EXERCISE DETAILS ->
When you reach a picture, skip it, and retype every line below exactly.

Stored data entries
....................

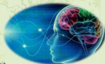
photo-neuro-stimulatrice qui améliore la synchronisation cérébrale permettant d'explorer une grande variété d'états de conscience. Puissante technologie créant un état d'esprit fiable et cohérent afin de reprendre contact avec votre nature, votre potentiel inexploré. Le voyage commence juste en fermant les yeux.
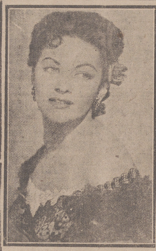
IVONNE DE CARLO
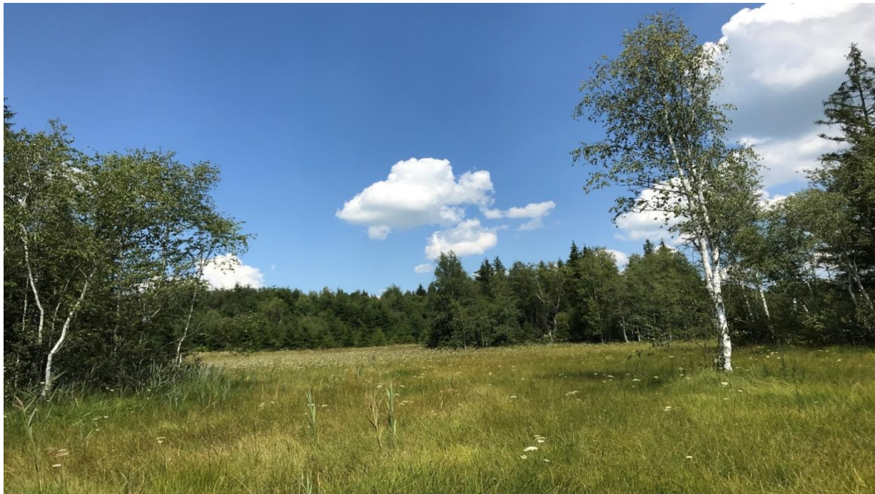
Abb. 1: FFH-Gebiet „Elbsee“

Runder Tisch zur Managementplan-Bearbeitung am 26.02.2019
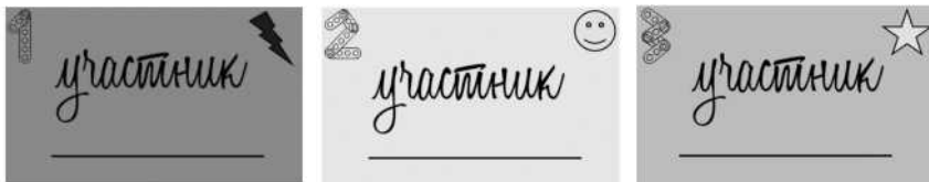
Рис. П2.1. Пример карточек участника. Цифры, фигуры и цвет карточек меняются между собой для разделения участников по разным командам все три этапа
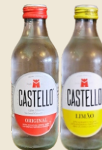
CASTELLO Original / Limão / Finna (250 ml) 1.99€
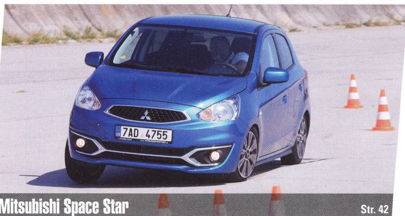
Mitsubishi Space Star
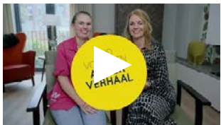
Medewerker en mantelzorg over samen zorgen
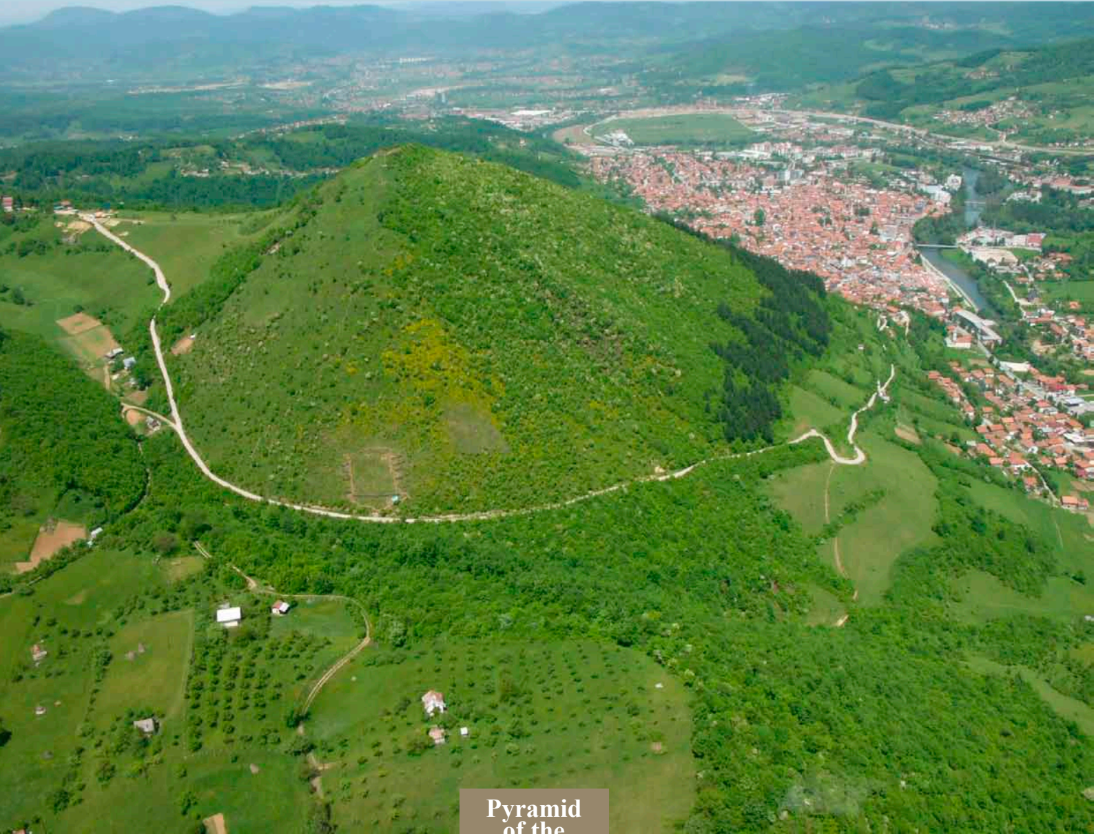
Pyramid of the Sun
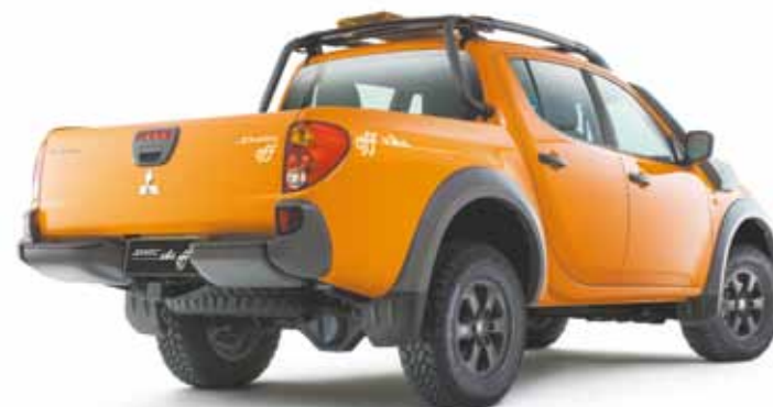
Motor - Diesel de 3.2 L DID-H, 16 válvulas, DOHC com 180 cv a 3.500 rpm

Agressiva por fora e confortável por dentro, a picape transporta até cinco passageiros
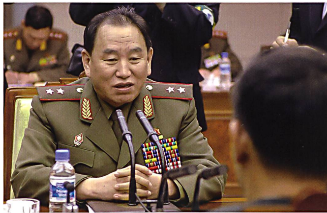
General Kim Yong Chol.

Skeptische Beobachter sind jedoch der Meinung, die Öffnung Nordkoreas sei ein taktisches Manöver, um die junge und unerfahrene Regierung aus dem Süden zu testen und eine Differenz zwischen Seoul und Washington zu schaffen.

....................

RESPONSE ->
photo-neuro-stimulatrice qui améliore la synchronisation cérébrale permettant d'explorer une grande variété d'états de conscience. Puissante technologie créant un état d'esprit fiable et cohérent afin de reprendre contact avec votre nature, votre potentiel inexploré. Le voyage commence juste en fermant les yeux.
IVONNE DE CARLO
Abb. 1: FFH-Gebiet „Elbsee“

Runder Tisch zur Managementplan-Bearbeitung am 26.02.2019
Рис. П2.1. Пример карточек участника. Цифры, фигуры и цвет карточек меняются между собой для разделения участников по разным командам все три этапа
CASTELLO Original / Limão / Finna (250 ml) 1.99€
Mitsubishi Space Star
Medewerker en mantelzorg over samen zorgen
Pyramid of the Sun
Motor - Diesel de 3.2 L DID-H, 16 válvulas, DOHC com 180 cv a 3.500 rpm

Agressiva por fora e confortável por dentro, a picape transporta até cinco passageiros
General Kim Yong Chol.

Skeptische Beobachter sind jedoch der Meinung, die Öffnung Nordkoreas sei ein taktisches Manöver, um die junge und unerfahrene Regierung aus dem Süden zu testen und eine Differenz zwischen Seoul und Washington zu schaffen.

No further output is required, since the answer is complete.